**Problem to solve:**
Print each line exactly, from the one with "Gemini Sound GSP-L2200PK" to the very last line of the listing, and keep the pictures out.

**Data extract:**
┄┄┄┄┄┄
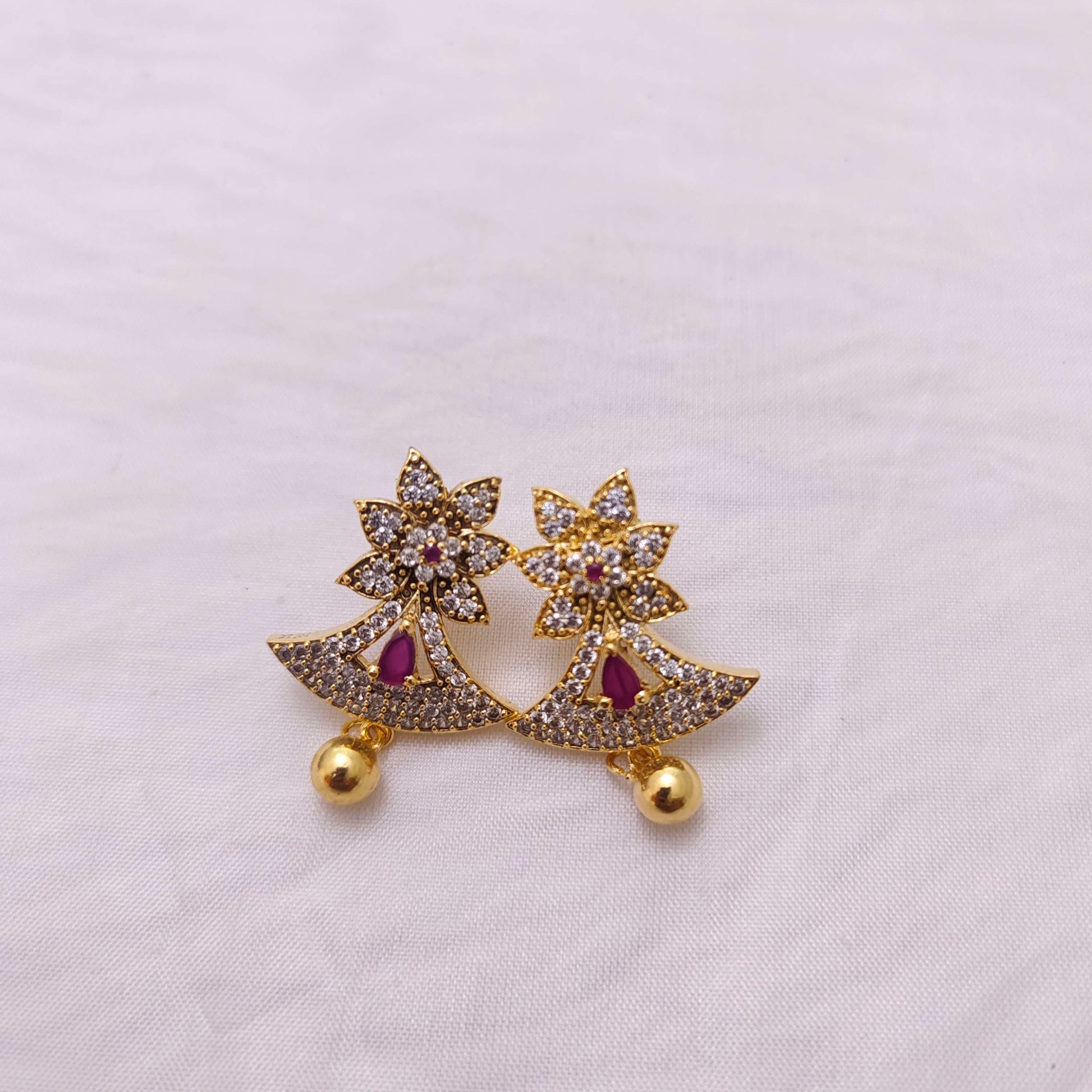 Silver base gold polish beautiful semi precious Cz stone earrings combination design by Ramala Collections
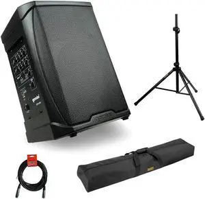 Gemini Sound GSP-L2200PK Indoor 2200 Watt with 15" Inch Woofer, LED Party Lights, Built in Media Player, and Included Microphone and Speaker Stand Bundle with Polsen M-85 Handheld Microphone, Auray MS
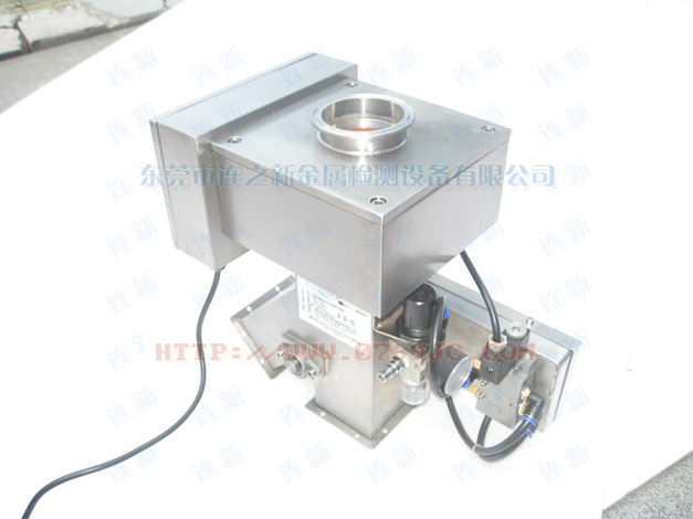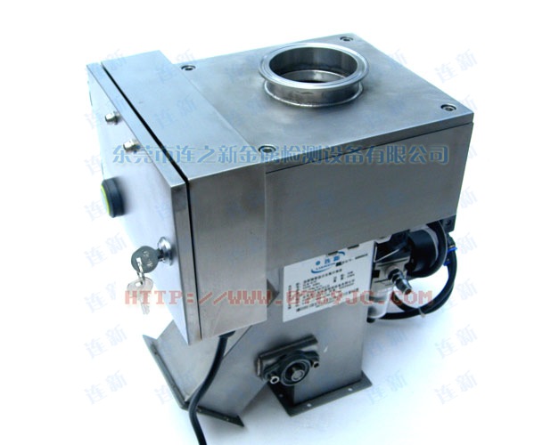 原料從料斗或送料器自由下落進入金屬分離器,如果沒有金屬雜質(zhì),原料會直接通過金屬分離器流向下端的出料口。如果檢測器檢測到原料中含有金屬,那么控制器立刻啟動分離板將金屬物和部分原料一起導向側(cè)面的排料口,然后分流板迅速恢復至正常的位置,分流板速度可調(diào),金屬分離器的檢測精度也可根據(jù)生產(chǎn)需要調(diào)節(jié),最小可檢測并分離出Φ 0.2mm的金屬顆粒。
┄┄┄┄┄┄
**Answer box:**
 Gemini Sound GSP-L2200PK Indoor 2200 Watt with 15" Inch Woofer, LED Party Lights, Built in Media Player, and Included Microphone and Speaker Stand Bundle with Polsen M-85 Handheld Microphone, Auray MS
 原料從料斗或送料器自由下落進入金屬分離器,如果沒有金屬雜質(zhì),原料會直接通過金屬分離器流向下端的出料口。如果檢測器檢測到原料中含有金屬,那么控制器立刻啟動分離板將金屬物和部分原料一起導向側(cè)面的排料口,然后分流板迅速恢復至正常的位置,分流板速度可調(diào),金屬分離器的檢測精度也可根據(jù)生產(chǎn)需要調(diào)節(jié),最小可檢測并分離出Φ 0.2mm的金屬顆粒。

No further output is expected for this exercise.